[Opening Recorded data section]
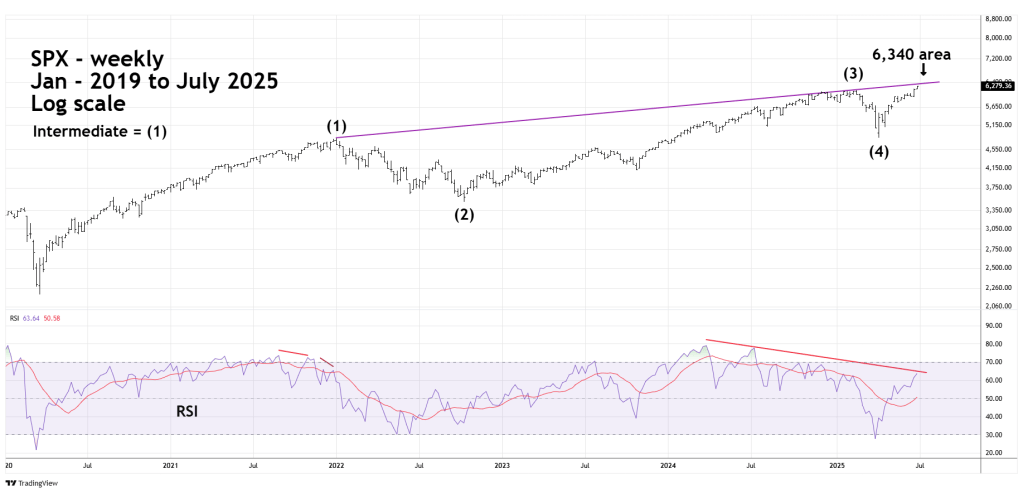 The SPX is nearing the long-term rising trendline connecting the January 2022 and February 2025 peaks, which is around the 6,340 area. This zone could be reached in the next one or two weeks. Please note the weekly RSI significant bearish divergences.
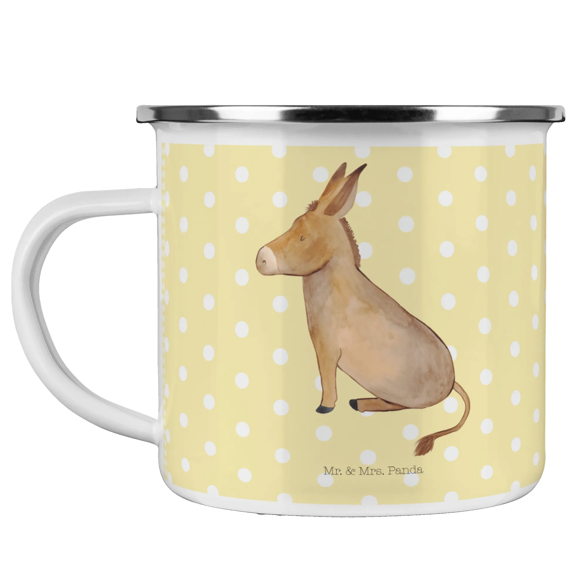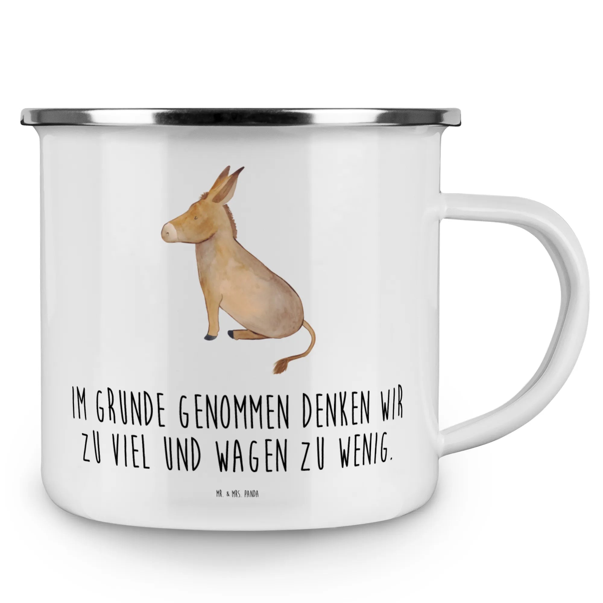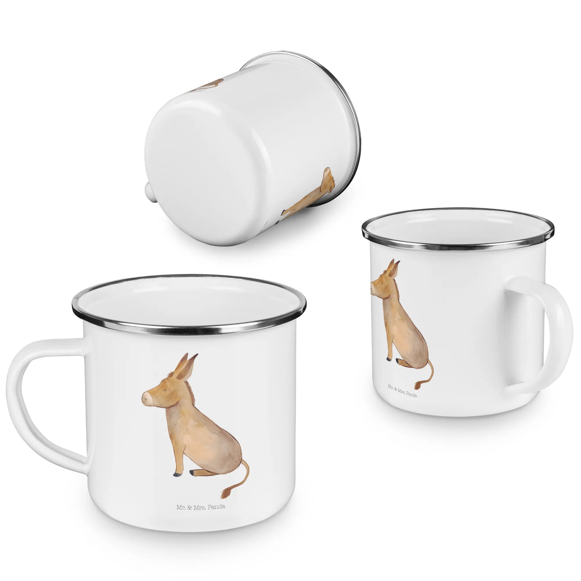 Kempingowy kubek emaliowany Osioł - z napisem - biały
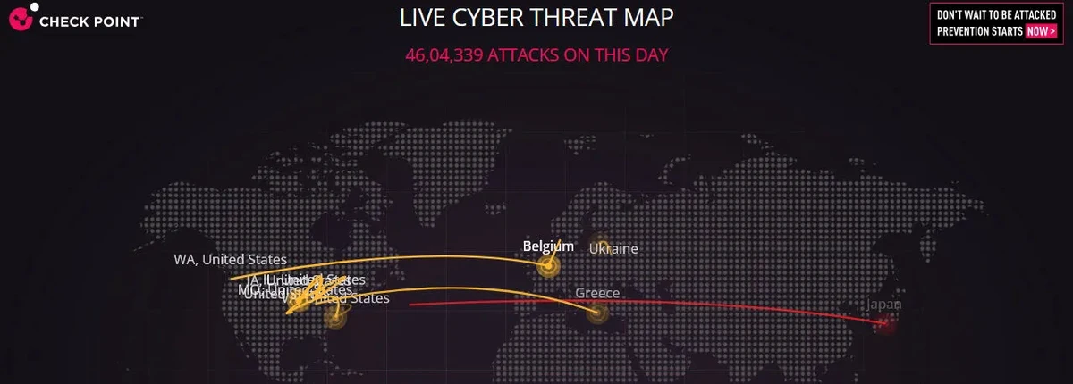 Check Point’s ThreatCloud Map offers a daily-updated, real-time visualization of global cyber attacks.
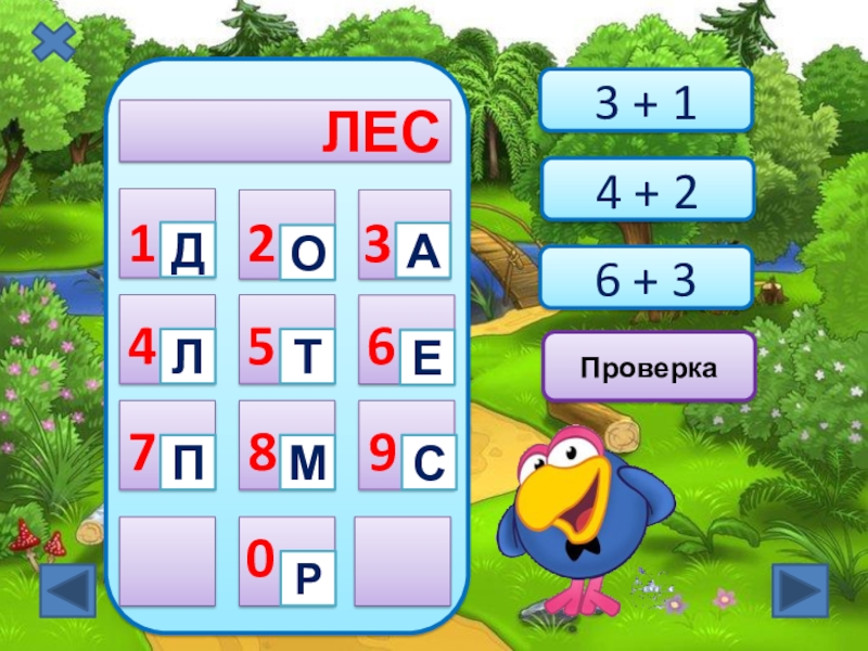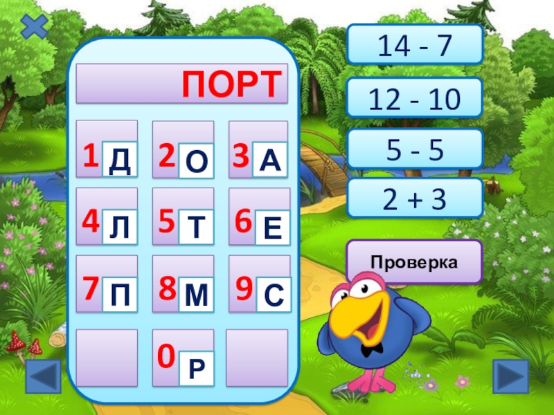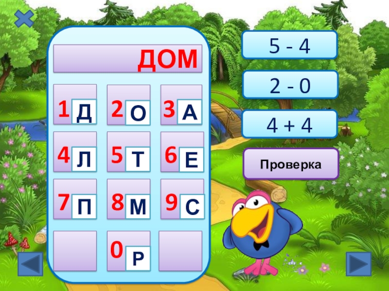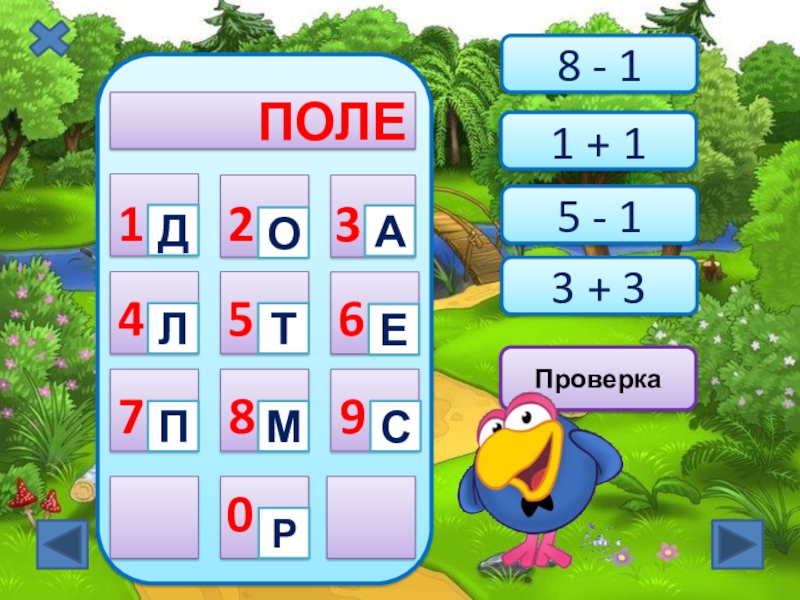ДОАТЛМПЕСРПОЛЕ1234567890ТЛМПЕСРДЕЛО123456789010 - 95 + 113 - 9Проверка9 - 7ДОА
[Closing Recorded data section]
▸ **What the task requires**
Transcribe the listing above in full and exactly; no pictures belong in the copy.

▸ **Completed task**
 The SPX is nearing the long-term rising trendline connecting the January 2022 and February 2025 peaks, which is around the 6,340 area. This zone could be reached in the next one or two weeks. Please note the weekly RSI significant bearish divergences.
 Kempingowy kubek emaliowany Osioł - z napisem - biały
 Check Point’s ThreatCloud Map offers a daily-updated, real-time visualization of global cyber attacks.
ДОАТЛМПЕСРПОЛЕ1234567890ТЛМПЕСРДЕЛО123456789010 - 95 + 113 - 9Проверка9 - 7ДОА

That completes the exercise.